> _Task item_
Reproduce only the lines below from the line containing "Vibrant sunset hues" to the line containing "2019年以来,芜湖市持之以", exactly as written, with both end lines kept. Omit the pictures.

> _Supplied records_
########################################

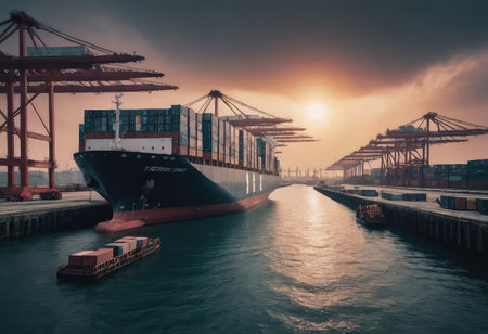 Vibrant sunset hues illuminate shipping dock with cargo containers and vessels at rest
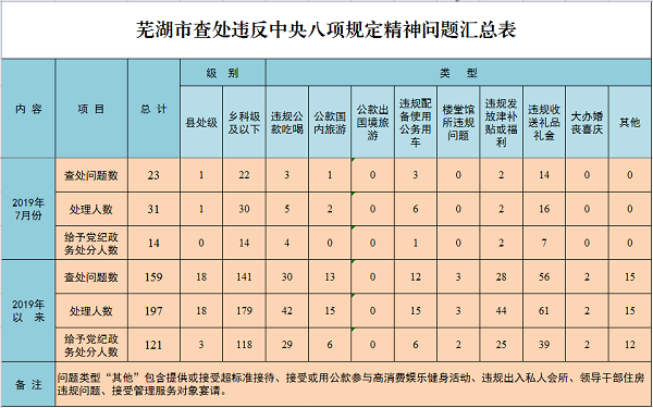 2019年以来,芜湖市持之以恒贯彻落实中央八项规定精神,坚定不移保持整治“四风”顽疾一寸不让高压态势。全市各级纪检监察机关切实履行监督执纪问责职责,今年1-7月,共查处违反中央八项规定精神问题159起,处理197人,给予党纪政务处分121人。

########################################

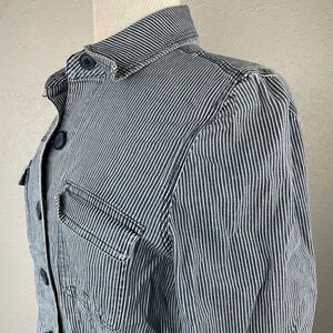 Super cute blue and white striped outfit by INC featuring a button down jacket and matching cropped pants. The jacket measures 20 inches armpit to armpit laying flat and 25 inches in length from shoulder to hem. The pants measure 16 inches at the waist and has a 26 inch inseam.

########################################

> _Result below_
 Vibrant sunset hues illuminate shipping dock with cargo containers and vessels at rest
 2019年以来,芜湖市持之以恒贯彻落实中央八项规定精神,坚定不移保持整治“四风”顽疾一寸不让高压态势。全市各级纪检监察机关切实履行监督执纪问责职责,今年1-7月,共查处违反中央八项规定精神问题159起,处理197人,给予党纪政务处分121人。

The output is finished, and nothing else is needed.